**Provided data:**
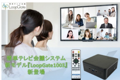
LoopGate1003 発売 (ギンガシステム)

ギンガシステム株式会社 ( https://ginga-sys.jp/ ) (東京都渋谷区) は、より安定したパフォーマンスを実現した簡単テレビ会議システム「LoopGate1003」の販売を開始する。
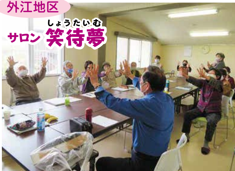
みんなで楽しみながらフレイル予防にも取り組んでいます!!
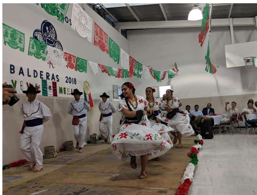
Bailes folclóricos presentados durante la reunión del Comité Directivo del CMM.

**What the exercise asks:** The data above needs to be retyped exactly, with the images left out.

**Exercise answer:**
LoopGate1003 発売 (ギンガシステム)

ギンガシステム株式会社 ( https://ginga-sys.jp/ ) (東京都渋谷区) は、より安定したパフォーマンスを実現した簡単テレビ会議システム「LoopGate1003」の販売を開始する。
みんなで楽しみながらフレイル予防にも取り組んでいます!!
Bailes folclóricos presentados durante la reunión del Comité Directivo del CMM.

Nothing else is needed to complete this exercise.